Missions

The development of technologies based on multicomponent catalyzed reactions using CO₂ not only provides new means to increase the diversity of chemical space, but also a solution in terms of greenhouse gas abatement. This project will be devoted to CO₂ upgrading in multicomponent reactions via photoredox catalysis combining first row transition metals (mono- and bimetallic complexes) and non-innocent tridentate photoligands. This project involves three main goals of broad relevance. First, the development of novel photoredox catalysts towards streamlining multicomponent reactions with CO₂ (such as hydroformylation, hydroaminomethylation, alkoxycarbonylation and aminocarbonylation processes). Second, reaction scope studies will be performed aiming at the synthesis of chemical libraries containing diverse functional groups. Third, ex situ characterization (by laser flash photolysis, NMR, GC, HPLC, X-ray fluorescence, X-ray diffraction techniques) in combination with operando reaction monitoring studies (via FTIR, UV-Vis) using modular reactors, will be conducted aiming at the elucidation of reaction mechanisms.
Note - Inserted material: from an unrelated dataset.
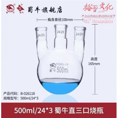 蜀牛 直三口烧瓶三口圆底烧瓶反应瓶 500ml/24*3 直三口烧瓶 (SKU:yzwhyp942161
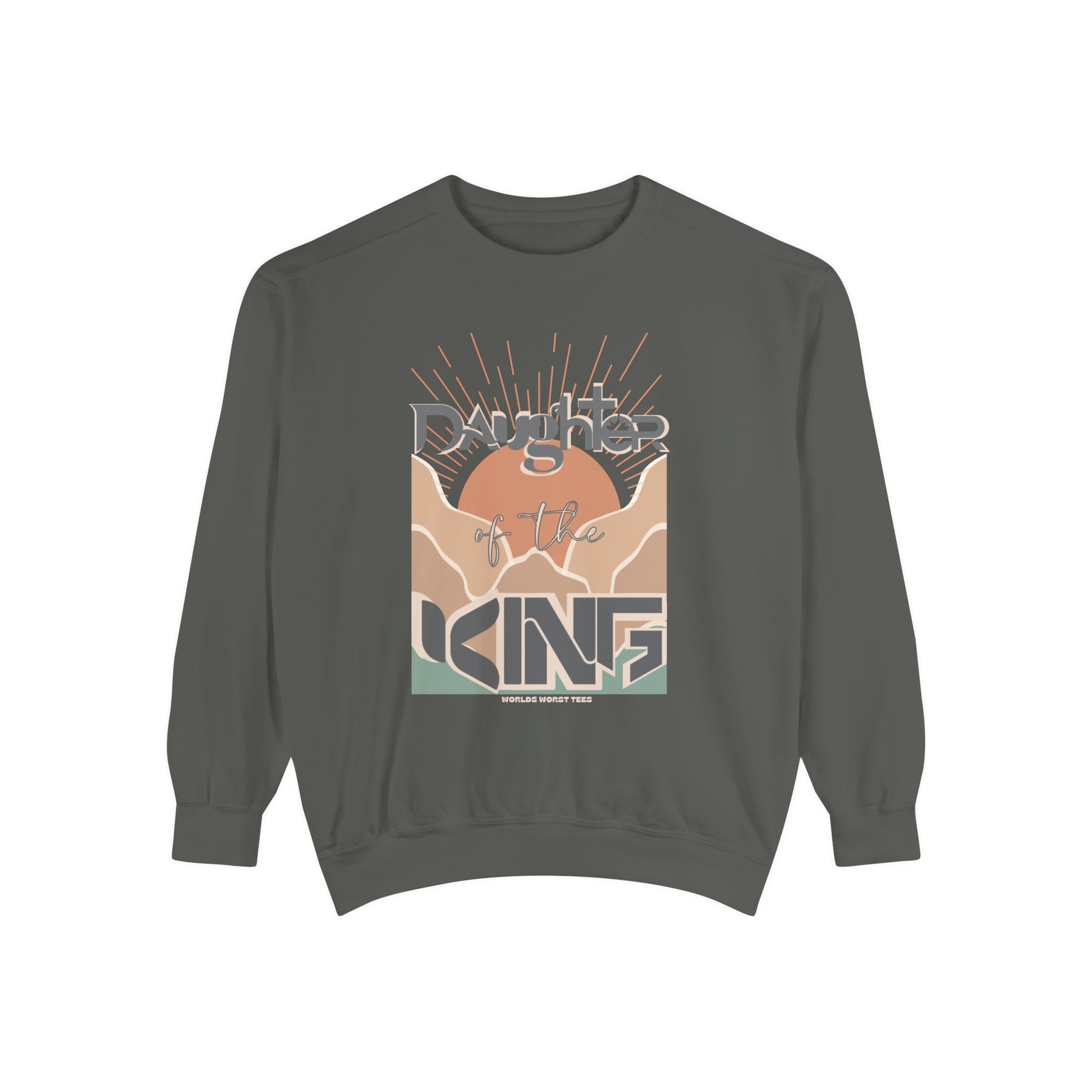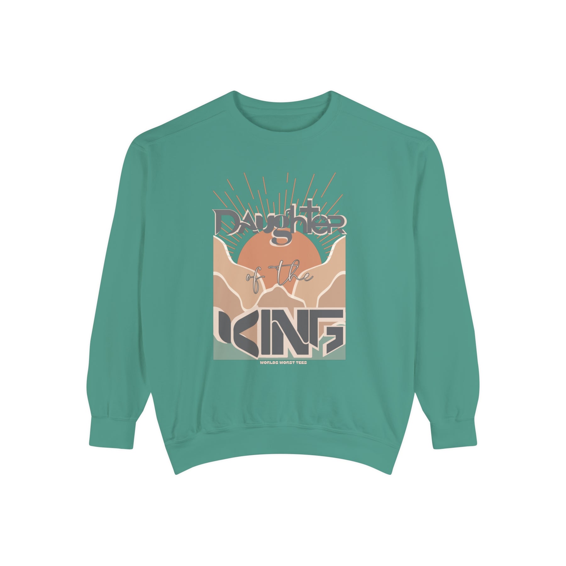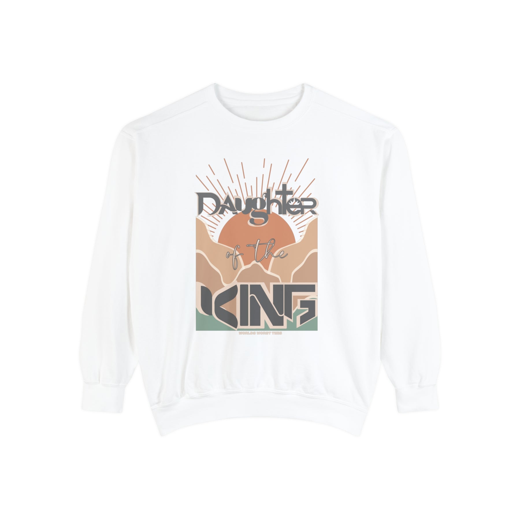 Unisex Daughter of the King Crew sweatshirt, garment-dyed with 80% ring-spun cotton and 20% polyester. Features relaxed fit, rolled-forward shoulder, and back neck patch. Medium-heavy fabric.

This post-doctor al position, funded by the PHOTOCO₂ project (EMERGENCE 2025 - INC CHIMIE CNRS), provides an excellent framework for research in catalysis and sustainable chemistry.

Activities

• Design of photoligands
• Synthesis and reactivity of the resulting transition metal complexes
• Optimization of reaction conditions for multicomponent reactions with CO₂ (such as hydroformylation, hydroaminomethylation, alkoxycarbonylation, and aminocarbonylation).

Skills

• Doctor in Chemistry, with a strong background in organic synthesis and molecular catalysis, including gas-liquid transformations under pressurized conditions, manipulations under inert atmosphere (Schlenk line and glovebox); good knowledge of organometallic chemistry, and/or photo-chemical processes will be appreciated.
• Good knowledge of English and scientific communication skills, oral and written skills.
• Sense of thoroughness, organization and initiative; capacity of synthesis; reactivity and autonomy.

Work Context

The LHFA (www.lhfa.fr) is a joint laboratory of the National Center for Scientific Research and the University Toulouse 3 - Paul Sabatier (UMR 5069) in Toulouse (France), constituted by 6 research teams (17 researchers and professors, 9 technical engineers and administrative staff; ca. 40 doctoral students, post-docs and master students per year). Research activities focus on molecular chemistry of p-block elements with transversal actions in the fields of organometallic chemistry, metallic nanoparticles, catalysis and polymers, including mechanistic studies. The SYMAC research team working on the design of metal-based (nano)catalysts for innovative processes, is interested in the application of catalytic materials in synthesis, involving a number of transformations, in particular one-pot multi-step processes (sequential/tandem processes). In the last years, we have developed sustainable catalytic processes, both under molecular regimes and surface-mediated processes involving metal nanoparticles. Understanding the observed reactivity is at the heart of our research, leading us to in-depth mechanistic studies through reaction monitoring using different techniques (ReactIR, InsightMR, GCMS, EPR…).
The LHFA offers a very dynamic and international framework (ca. 40% of foreign students and permanent staff), with cutting-edge research. The different teams have (inter)national collaborations, both academic and with industrial partners. The LHFA takes part in the organization of (inter)national conferences as well as Summer Schools, and it is involved in various dissemination activities.

Constraints and risks

Nothing to mention